EXHIBIT 10.15.1
FIRST AMENDMENT TO COLLABORATION AGREEMENT
This First Amendment to Collaboration Agreement (this "First Amendment")
dated as of December 31, 2004, is by and between Regeneron Pharmaceuticals,
Inc., a corporation organized and existing under the laws of the State of New
York and having its principal office at 000 Xxx Xxx Xxxx Xxxxx Xxxx, Xxxxxxxxx,
Xxx Xxxx 00000 ("Regeneron ") and Aventis Pharmaceuticals Inc., a corporation
organized and existing under the laws of the State of Delaware and having a
principal place of business at 000 Xxxxxxxx Xxxx., Xxxxxxxxxxx, Xxx Xxxxxx 00000
("Aventis").
INTRODUCTION
WHEREAS, Regeneron and Aventis are Parties to a Collaboration Agreement,
having an Effective Date of September 5, 2003 (the "Collaboration Agreement");
and
WHEREAS, Regeneron and Aventis have determined that it is desirable to
amend and restate certain provisions of the Collaboration Agreement and document
further agreements between them as set forth herein.

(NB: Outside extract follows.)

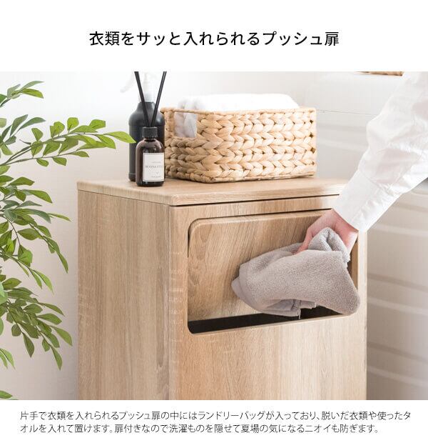 プッシュ扉から片手で衣類を入れられるボックスは、中のランドリーバッグに衣類がたっぷり入るのでご家族でお使いいただけます。

NOW, THEREFORE, in consideration of the following mutual promises and
obligations and for good and valuable consideration, the receipt and sufficiency
of which are hereby acknowledged, the Parties, intending to be legally bound,
hereby agree as follows:
Capitalized terms used in this First Amendment and not defined herein shall have
the meanings ascribed to them in the Collaboration Agreement.
1. MILESTONE 1. Milestone 1 of Schedule 2 of the Collaboration Agreement is
hereby amended and restated to read in its entirety as follows:
1 US $25,000,000 [******************************].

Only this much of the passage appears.